Herinner je die gesprekken waarin de ander gewoon niet wil toegeven?
Je kent het wel:
- Jouw baas die koste wat kost wil bewijzen dat hij of zij het beter weet.
- Een klant die blijft volhouden over wie er die dag fout zat (en ja, dat zou jij zijn).
- De collega’s die meer energie steken in het verdedigen van hun project dan in het project zelf…
We’ve all been in situations where someone simply must prove their expertise or worth. They rarely end well, leading mostly to arguments, disagreements, and other unpleasant conflicts in the workplace.
En laten we eerlijk zijn: dit alles omdat iemand gelijk moet hebben!
Het is frustrerend, vermoeiend en soms zelfs kwetsend. Maar waarom doen mensen het eigenlijk?
As unexpected as it might be, it often comes down to insecurity. Proving that we are “right” about something can be a way to make us feel better when we are worried; about our perceived competence, our expertise, our experience…and the list goes on and on.
These concerns tend to bubble up most frequently when we’re under strain. So if you guessed it, you’re correct—wanting to be right all the time is usually a stress reaction!
What Drives The Need To Be Right?
What makes people act this way, you might be wondering?
Quite some research has been done into this topic, and it comes down to our thoughts when we are stressed.
Psychological studies have highlighted the link between increased stress, more rigid thinking, and a greater perceived need to defend our beliefs and views. We feel less confident at times like these, especially about our capabilities and decisions.
This translates into a drive to be viewed as “right” or “justified” by others, which provides us with some validation and makes us act in specific ways. Like arguing over our ideas, refusing to shoulder the blame—you get the gist!
While the different manifestations of this need will vary between people and situations, stress and insecurity remain at the heart of this reaction. When we learn to see it as a warning sign of stress rather than plain old disagreeability, we can take steps to better manage the pressures on us.
For this reason, Wanting To Be Right can be a very useful Stress! Coaching Card.
3 Tips to Change Your Attitude
These mindset and self-reflection tips will help you identify what’s causing your “I’m Right!” behavior and turn it around for the better.
1. Unearth The Real Cause
Are you finding it hard to drop the subject unless everyone sees things your way? Whether you’re trying to justify your rationale, highlight your intelligence, or prove your innocence (!), it’s worth finding the source of your behavior.

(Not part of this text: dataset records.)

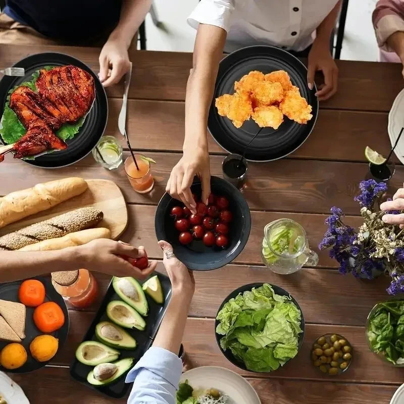 16 PCS| Plates and Bowls Sets for 4, Unbreakable Dinner Plate, Dessert Plates, Cereal Bowl, Drinking Cups, Microwave Safe Dishes
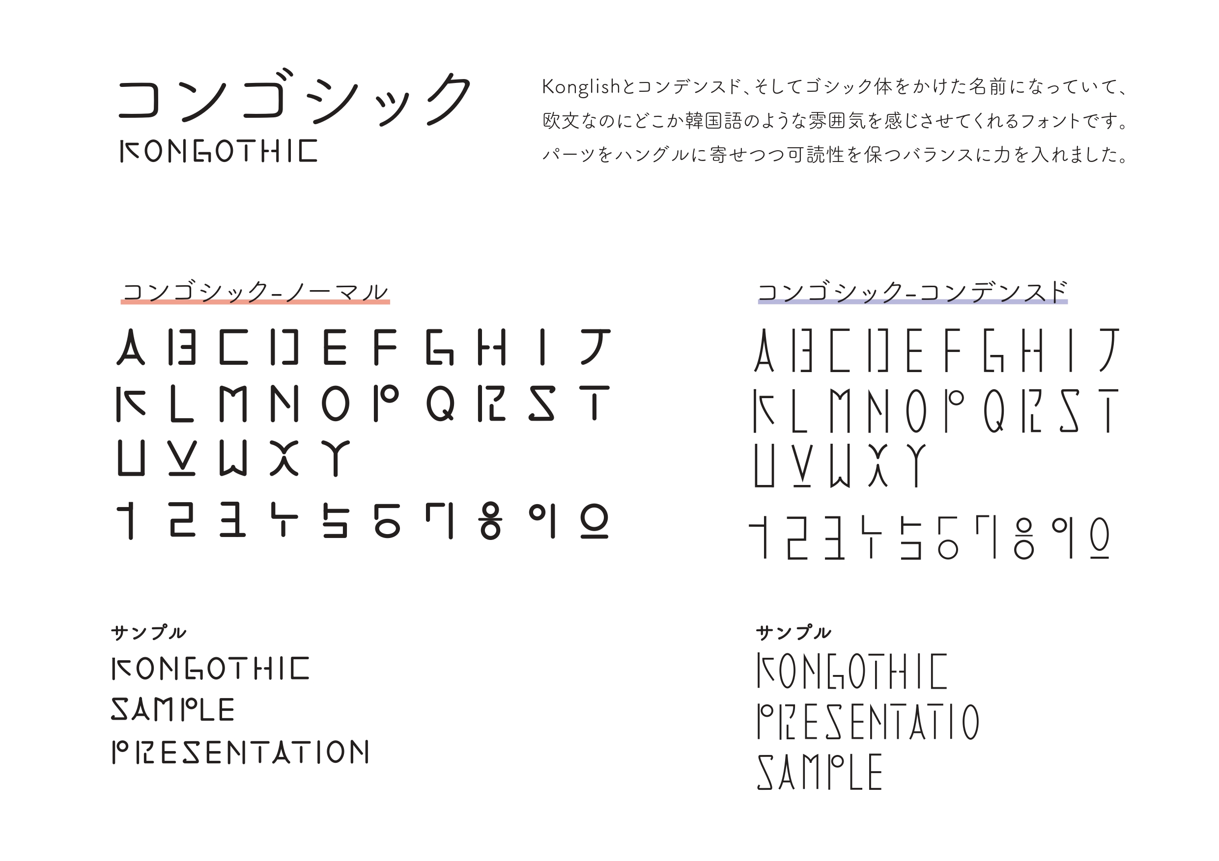 ハングルをイメージしてパーツを構成して作ったフォントで、どこか韓国語のような雰囲気を与えてくれるのが特徴です。 パーツをハングルに寄せつつもきちんと数字に見えるようなバランスを保つことに力を入れました。 個人的にはノーマルのほうが好きですが、評判はコンデンスドのほうが優勢です。 あなたはノーマルとコンデンスド、どちらが気に入りましたか?
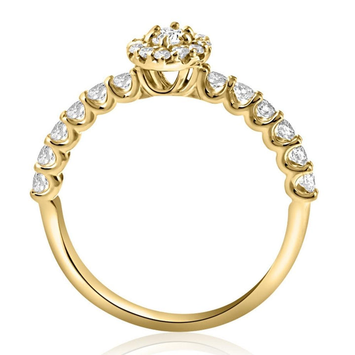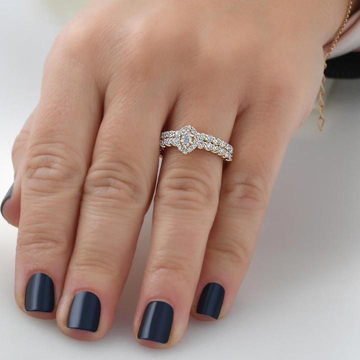 This 1 1/4Ct Marquise Halo Diamond Engagement Wedding Ring Set in White or Yellow Gold by Pompeii3 features a stunning marquise center diamond, flanked by 24 round brilliant cut diamonds. The diamonds are set in a solid 10k yellow gold band, with a high-polished finish that adds elegance and shine. The matching wedding band is included, making this a perfect engagement and wedding ring set for an enduring commitment.
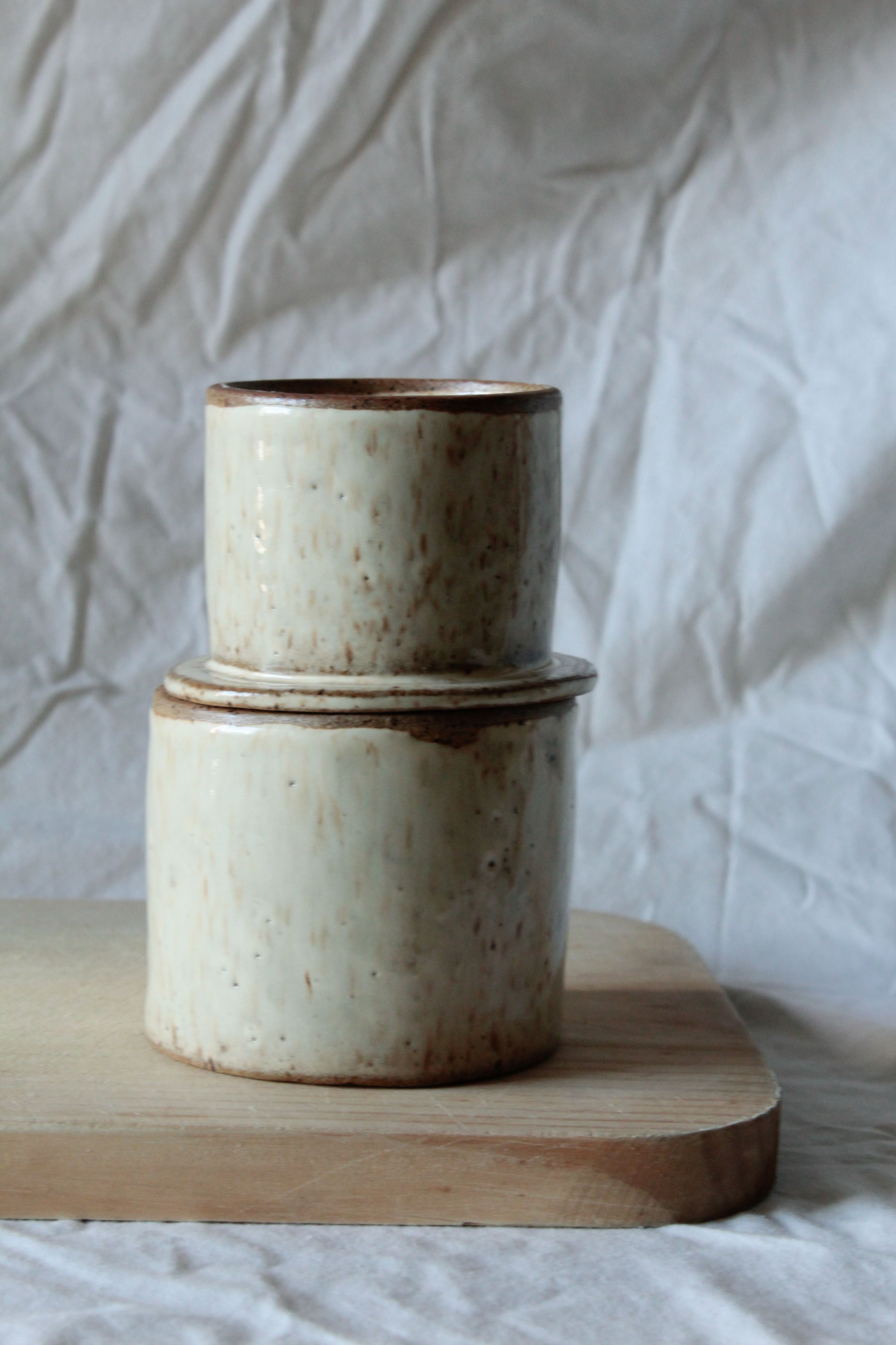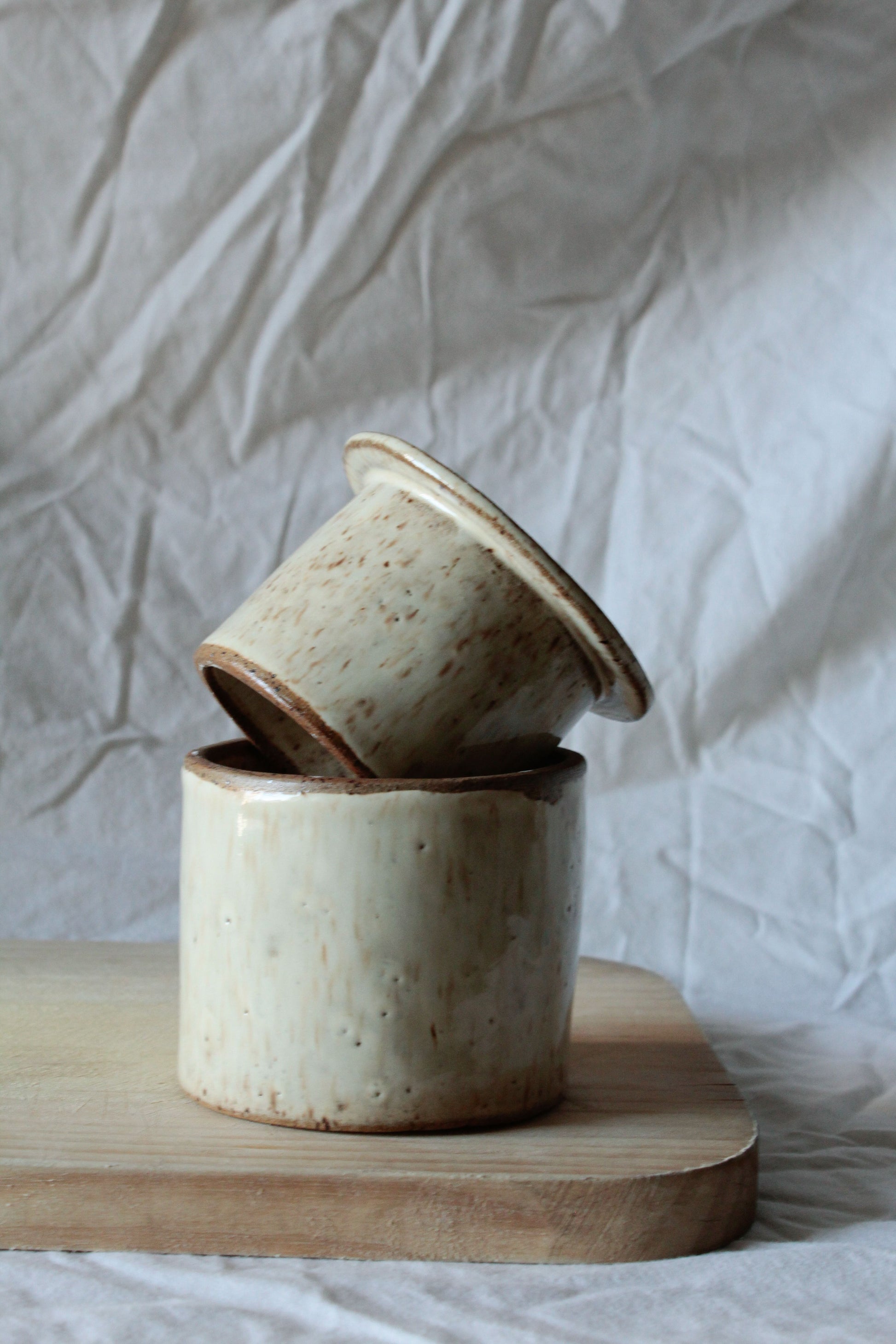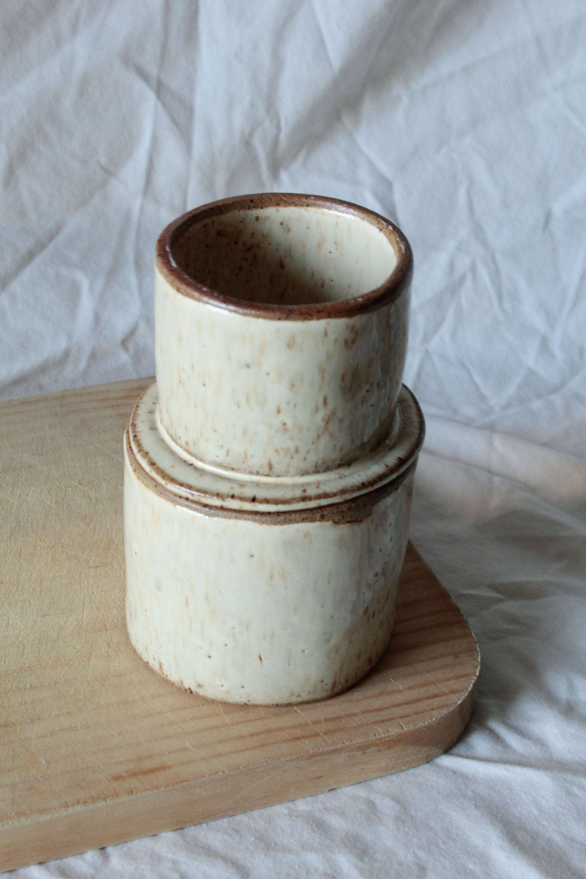 Con esta mantequillera francesa de cerámica gres hecha a mano, podrás mantener la mantequilla fuera del refrigerador y lista para untar en cualquier momento. Solo coloca la mantequilla en el contenedor superior, un poco de agua en el inferior y disfruta de su sistema de vacío que preserva su frescura. Resistente y duradera, combina funcionalidad y diseño artesanal para tu cocina diaria.
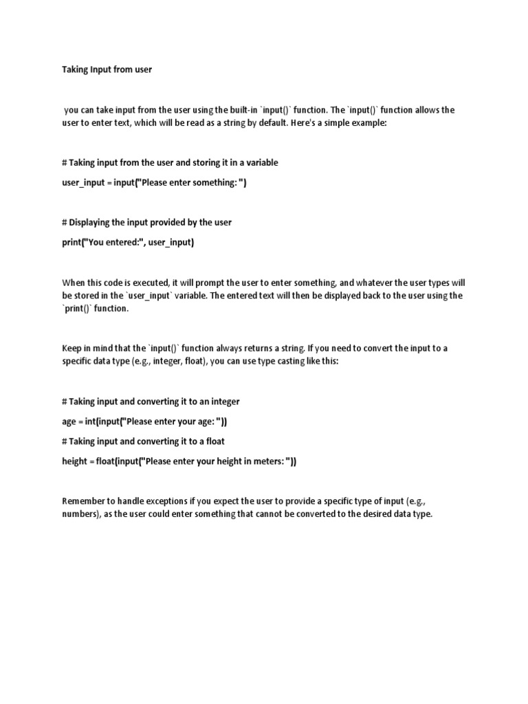 Remember to handle exceptions if you expect the user to provide a specific type of input (e.g.,
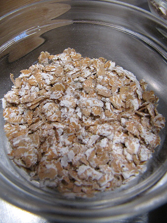 Posar en un plat fondo els flocs, la poma ratllada, les panses i el suc de mandarina.
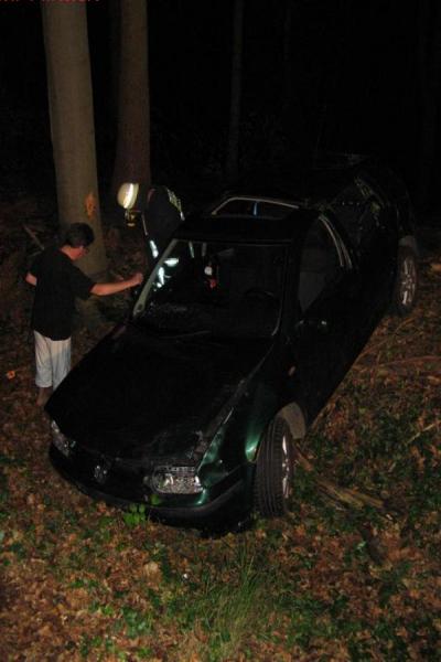 Ein mit vier Personen besetzter PKW kam ausgangs einer Kurve von der Straße ab und schleuderte in den angrenzenden Waldrand.
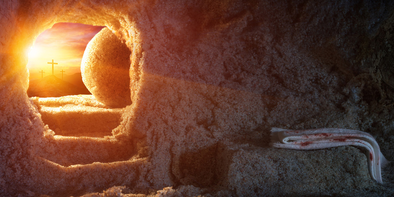 Tomb Empty With Shroud And Crucifixion At Sunrise - Resurrection / Romolo Tavani
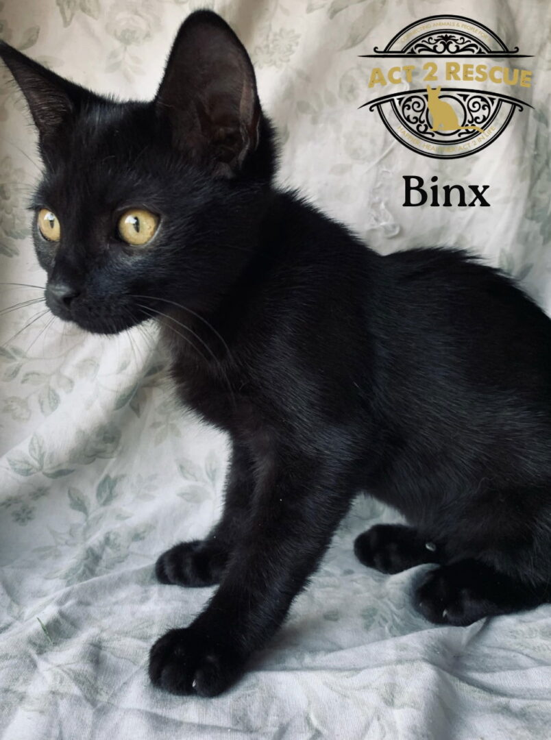 See Binx 2’s HomepageGo to our official websiteYou can fill out an adoption application online on our official website. Welcome to Act 2 Rescue where you become part of our A2R family! Adoption is an important time in your life and we are grateful to be a part of it. We take pride in offering you a personalized adoption experience with continuing behavioral support as needed. -Mindy Gould, CEO Hi, I’m Binx! I’m a handsome black kitten with a big heart and an even bigger purr! I love being held! Cuddles are my favorite, and I’ll start purring the moment you pick me up. When I’m not snuggled in someone’s arms, you’ll find me playing with my siblings or chasing my favorite toys. I’m curious, sweet, and full of kitten energy, but I always make time for a good nap and some love. If you’re looking for a playful little shadow who will keep you company and shower you with affection, I think we’d make the purrfect pair. I can’t wait to meet you! I am all ready for my new home or will be soon! Once sterilized, I will have been seen by a veterinarian, had all shots I was able to get when I was sterilized or they checked my sterilization status and microchipped! All I need now is you! I am currently living in a foster home and am fully litter trained. Act 2 Rescue will even help you make sure I am able to integrate into your human and pet family with their behavioral coaching support during the transition period. I can't wait to meet you so please fill out an application for me today! _______________________________________________________________________ Please be aware we are a small foster based rescue in Riverside, California. Our volunteers often have other jobs/careers as well. We are not a government funded shelter and all of our donations including adoption donations are used to run the rescue and help the animals in our care. Since we are no kill, higher fees for in demand breeds help us cover critical care. We are always in need of volunteers, donations, and fosters. Please excuse any wait times as we are often inundated with emergencies or short staffed due to the overpopulation crisis. You can learn more about us on our website or follow us here. Steps 1-2 of the ADOPTION PROCESS must be done before we do OFFICIAL MEET & GREETS or take deposits. To keep animals healthy, we limit foster based meet & greets to people fully qualified to adopt them. No animals can be held without a $75 deposit. Deposits cannot be refunded if you change your mind, they are to hold a cat and can result in other adopters being told they cannot adopt. ADOPTION PROCESS: 1. Application: Log into our website and complete the adoption application at link below: Applications : Forms (rescuegroups.org) 2. Virtual Home Check: Once your application is approved, check back if you haven't been scheduled for a virtual home check within 48 hours. A virtual home check to ensure safety of your residence for your kitty (not perfect cleanliness). You will be told during the visit if you pass. 3. Official meet & greet with your kitty at an adoption event, foster care, or adoption center depending on location of the kitty. We only have a few volunteers, so we apologize at times we fall behind due to high demand of some cats. 5. Sign adoption contract and, if appropriate, foster to adopt clause. 6. Pay adoption fee via zelle using act2rescue@gmail.com (not our phone number) or using cash. We can accept cards at adoption events but the terminal charges fees that are pretty high so it's not the best option. 7. Take your kitty home. Be sure to isolate kitty while they adjust to your home. We may check in from time to time to be sure you do not need any additional support because we love hearing how our kitties are doing. As volunteer staff, happy stories are literally our paycheck. 8. Check out our website https://act2rescue.org for resources, blogs and info on how to best take care of your new kitty. Our professional behavior coach is available via text to assist you with transition as well. We also have a Facebook group to interact with our behavior coach and other kitten care experts, as well as our A2R family like you! ****Please note, we do not have dedicated staff for phone lines so please text instead of calling. If the cat/kitten is listed, they are available. However, they could have pending applications or meet and greets scheduled. Filling out an application and approval does not obligate you to adopt the kitty. If they are not a fit…we have plenty of other kitties for adoption. This kitty has received at least two FVCRP vaccines, rabies if over 4 months, Revolution for fleas/ticks/heartworms/stomach parasites/ear mites, de-wormer, sterilization*, and microchip (you must register for it to work but it's free). All kitties are given a general wellness check by a veterinarian prior to sterilization. Deposits: The only way we can hold a kitty is with a non-refundable (if you decide not to adopt within 2 weeks not if we void the adoption) deposit of $75. We reserve the right to void the adoption up until the point the contract is signed. If we cancel the adoption (for kitty health or other issues) we will refund your deposit. If you wait longer than 2 weeks, we cannot hold the kitty due to space constraints. Your deposit could be used on another kitty. If you decide not to adopt at all, any deposit will go to the care of animals rescued with us and may be written off as a donation. Foster to Adopt: Kittens must be 2 lbs or 8 weeks and fixed to be adopted. This will be noted in the approximate available date. If a kitty is unable to be fixed in a timely manner, they may foster to adopt. This would be all adoption paperwork and donations would be exchanged and the kitten would go home. Adoption paperwork will have a clause that it is not final until animal is sterilized. Once the sterilization appointment arrives you must bring them in to be sterilized or the animal will have to be returned to the rescue.
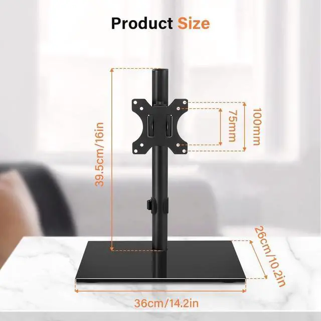 Screens: The KKTONER freestanding single monitor Mount fitting screens from 13 to 32 in size and weight up to 17.6 lbs with 75x75mm or 100x100mm backside mounting holes. ^^ Height Adjusable and

This tip is about pausing to think—why do you want to fix or contradict something? Can you even come up with a reason?
When fighting an (often pointless) battle, stop and take note of your attitude. Schedule some time to think back on your past conversations and ask yourself a few self-reflective questions:
- Did I “need to be right” today?
- What stressors might have caused my behavior?
I suggest taking two minutes at the end of every workday for this exercise. The sooner you let go of your justifications, the sooner you’ll stop feeling that urge.
2. Focus On What’s Right!
Needing to be right is very much about negativity bias: we’re so fixated on what’s “wrong” about a situation that it seems impossible to drop our stance.
Turning this around takes some cognitive effort—look for what’s right instead, and you’ll find fewer opportunities to pick a fight or hold your ground.
Here are a few useful pointers to help you:
- Change your focus from winning to understanding: What do you and the other party agree on? What value have you both brought to the discussion? How can you build on those positives?
- Try to see things from your conversation partner’s perspective: Ask questions to unpack their arguments, listen actively when they speak, and try to really step into their shoes.
3. Reframe Your Thinking
Successfully managing a cognitive stress reaction is all about changing your mindset, so my third tip is to reframe your perspective.
If you’ve acknowledged that you’re the one who simply needs to be right, try changing how you look at disagreements. This is rather like a growth mindset mentality: try viewing disagreements as personal growth opportunities rather than a threat to your self-esteem.
By adopting this mindset, your goal will become learning rather than winning discussions. You’ll become more open to fresh ideas and ways of seeing things, which leads to more productive, positive conversations.
The less focused you are on “victory,” the less defensive (and annoying!) you’ll become. You’ll probably find that this does wonders for your relationships, and the outcomes of your conflicts will improve.